* Instructions for the task
Output range, inclusive: from the line containing "本日の畑作業は午後のみで、午" to the line containing "После оплаты Вам". Restate those lines from the data below word for word and only those.

* Recorded information
====

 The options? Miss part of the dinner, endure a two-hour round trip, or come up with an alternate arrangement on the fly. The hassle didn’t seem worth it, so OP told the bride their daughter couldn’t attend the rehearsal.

====

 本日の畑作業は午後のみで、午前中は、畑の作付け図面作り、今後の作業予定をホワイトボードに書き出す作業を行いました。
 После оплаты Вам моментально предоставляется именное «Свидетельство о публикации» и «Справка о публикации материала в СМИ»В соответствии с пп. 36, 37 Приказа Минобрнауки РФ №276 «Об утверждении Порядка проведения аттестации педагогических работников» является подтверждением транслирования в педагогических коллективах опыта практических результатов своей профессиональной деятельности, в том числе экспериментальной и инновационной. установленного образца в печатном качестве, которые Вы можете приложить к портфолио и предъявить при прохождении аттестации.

====

* Your response
 本日の畑作業は午後のみで、午前中は、畑の作付け図面作り、今後の作業予定をホワイトボードに書き出す作業を行いました。
 После оплаты Вам моментально предоставляется именное «Свидетельство о публикации» и «Справка о публикации материала в СМИ»В соответствии с пп. 36, 37 Приказа Минобрнауки РФ №276 «Об утверждении Порядка проведения аттестации педагогических работников» является подтверждением транслирования в педагогических коллективах опыта практических результатов своей профессиональной деятельности, в том числе экспериментальной и инновационной. установленного образца в печатном качестве, которые Вы можете приложить к портфолио и предъявить при прохождении аттестации.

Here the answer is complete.